> _What is needed_
As the answer, give exactly the lines of the records below from the one with "Серия картин на" through the one with "Magnifique carré, motif", ends included and pictures left out.

Source records:
>>>

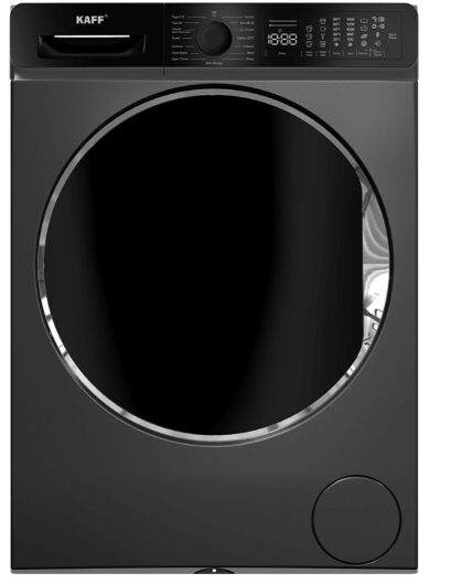 Máy giặt Kaff KF-MFC1269T3B sở hữu thiết kế cửa trước hiện đại với thân máy màu đen và cửa kính đen tạo điểm nhấn ấn tượng và dễ kết hợp với nhiều kiểu thiết kế nội thất.
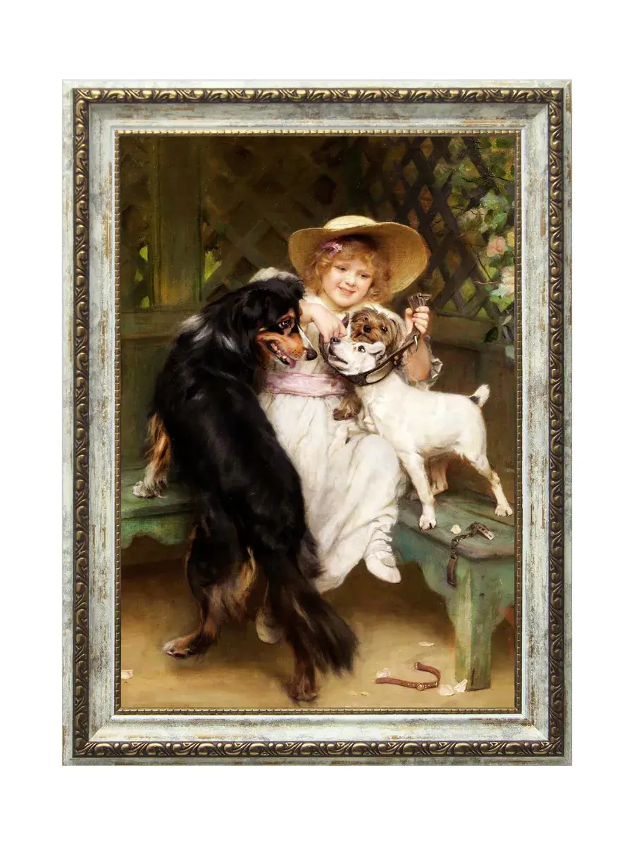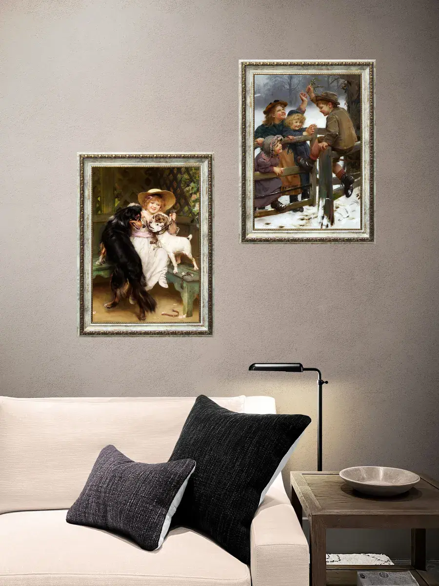Серия картин на натуральном холсте "Дети" станет прекрасным украшением интерьера квартиры, дачи или загородного дома. Картины органично смотрятся сами по себе, в паре, а также в композиции всей коллекции. Интерьерная картина имитирует масляную живопись, идеально впишется в дизайн спальни, гостиной, кухни, прихожей и других помещений. Детская искренность, дружба, наивность, непосредственность и радость, изображенные на картине, привнесут романтичность и особую атмосферу пространству. Картина напечатана на натуральном холсте, в высоком разрешении, покрыта матовым лаком. Основа из ХДФ, что исключает провисание холста. Рама из полиуретана молочная с золотой патиной. Оформление стены картинами в раме добавит уюта в ваш дом. Из картин можно создать коллекцию, дополнить полками в раме. Крепления в комплекте. Размер картины с рамой 29*39 см, размер холста 24х34 см.
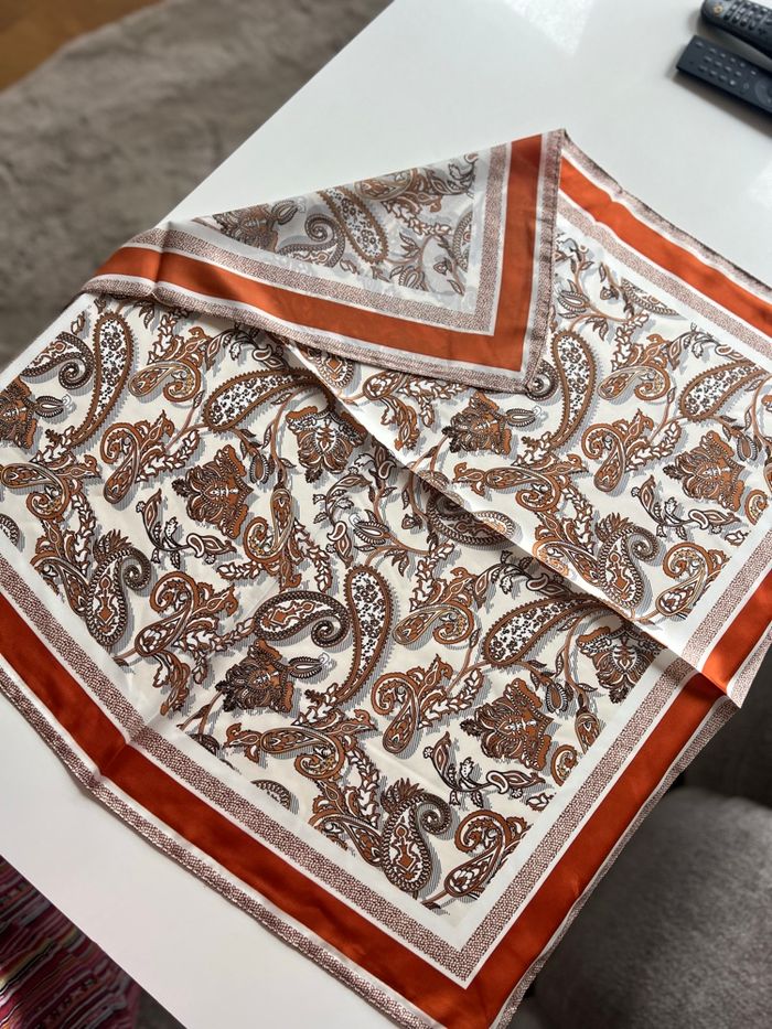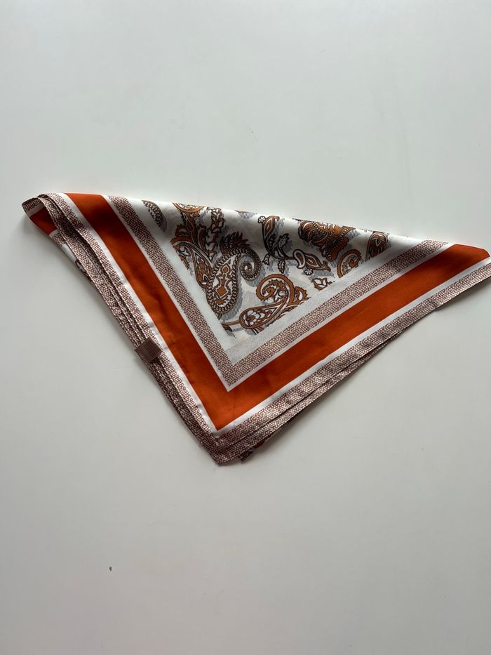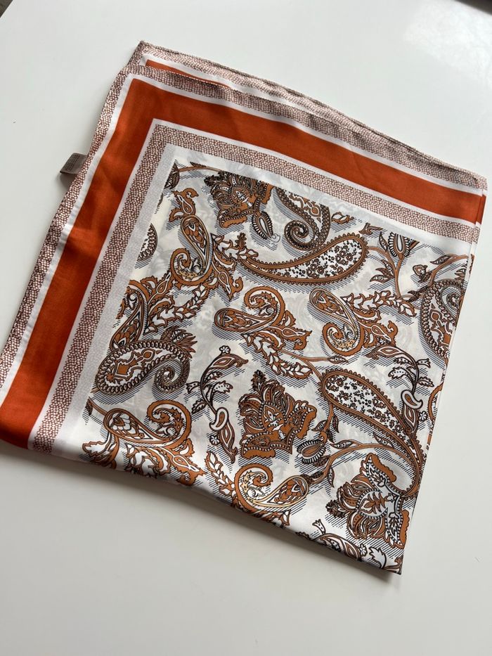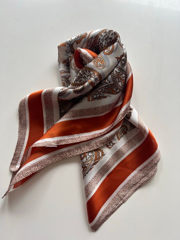 Magnifique carré, motif paisley chic et intemporel Taille 70×70 Composition: 20% soie et 80% polyester Peu se nouer : Autour du cou Sur un sac Dans les cheveux En ceinture
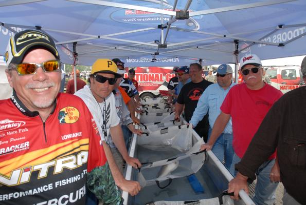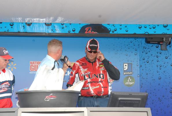 As we heard yesterday, even though the day-one leaders were well defined, this lake is known for being 'on' one day and 'off' the next so today's top spot was wide open. Forty pound bags are definitely not impossible, but they are a surprise the spectators like to see. Tom Keenan did not disappoint by bringing in a tremendous bag weighing just over 46 lbs.
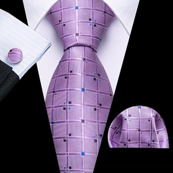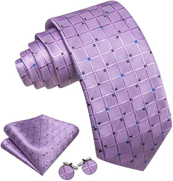 Designer Classic Ties for Men Set Formal Pocket Square Cufflink Check Plaid(Purple Plaid)
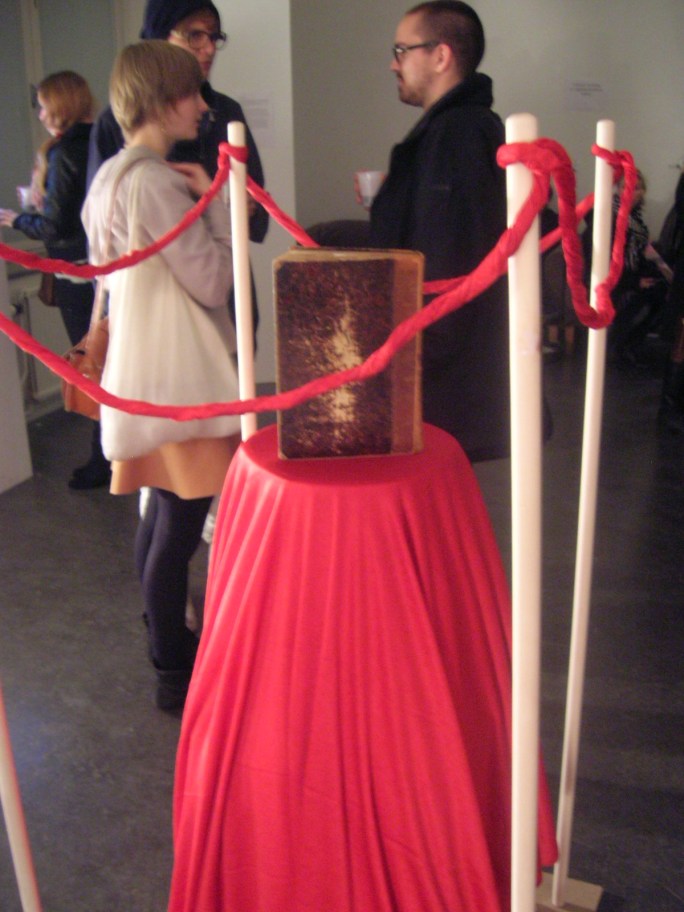Vampyrens bok ställdes ut som ett museiföremål på Galleri monitor. I rummet fanns en soffa som man kunde sjunka ner för att lyssna till inspelade kapitel ur boken. På en sockel stod en dator där man kunde bläddra i scrapbookens inscannade sidor och runt om i rummet hade museiintendenten placerat ut föremål ur boken.

<<<

> _Result of this task_
Серия картин на натуральном холсте "Дети" станет прекрасным украшением интерьера квартиры, дачи или загородного дома. Картины органично смотрятся сами по себе, в паре, а также в композиции всей коллекции. Интерьерная картина имитирует масляную живопись, идеально впишется в дизайн спальни, гостиной, кухни, прихожей и других помещений. Детская искренность, дружба, наивность, непосредственность и радость, изображенные на картине, привнесут романтичность и особую атмосферу пространству. Картина напечатана на натуральном холсте, в высоком разрешении, покрыта матовым лаком. Основа из ХДФ, что исключает провисание холста. Рама из полиуретана молочная с золотой патиной. Оформление стены картинами в раме добавит уюта в ваш дом. Из картин можно создать коллекцию, дополнить полками в раме. Крепления в комплекте. Размер картины с рамой 29*39 см, размер холста 24х34 см.
 Magnifique carré, motif paisley chic et intemporel Taille 70×70 Composition: 20% soie et 80% polyester Peu se nouer : Autour du cou Sur un sac Dans les cheveux En ceinture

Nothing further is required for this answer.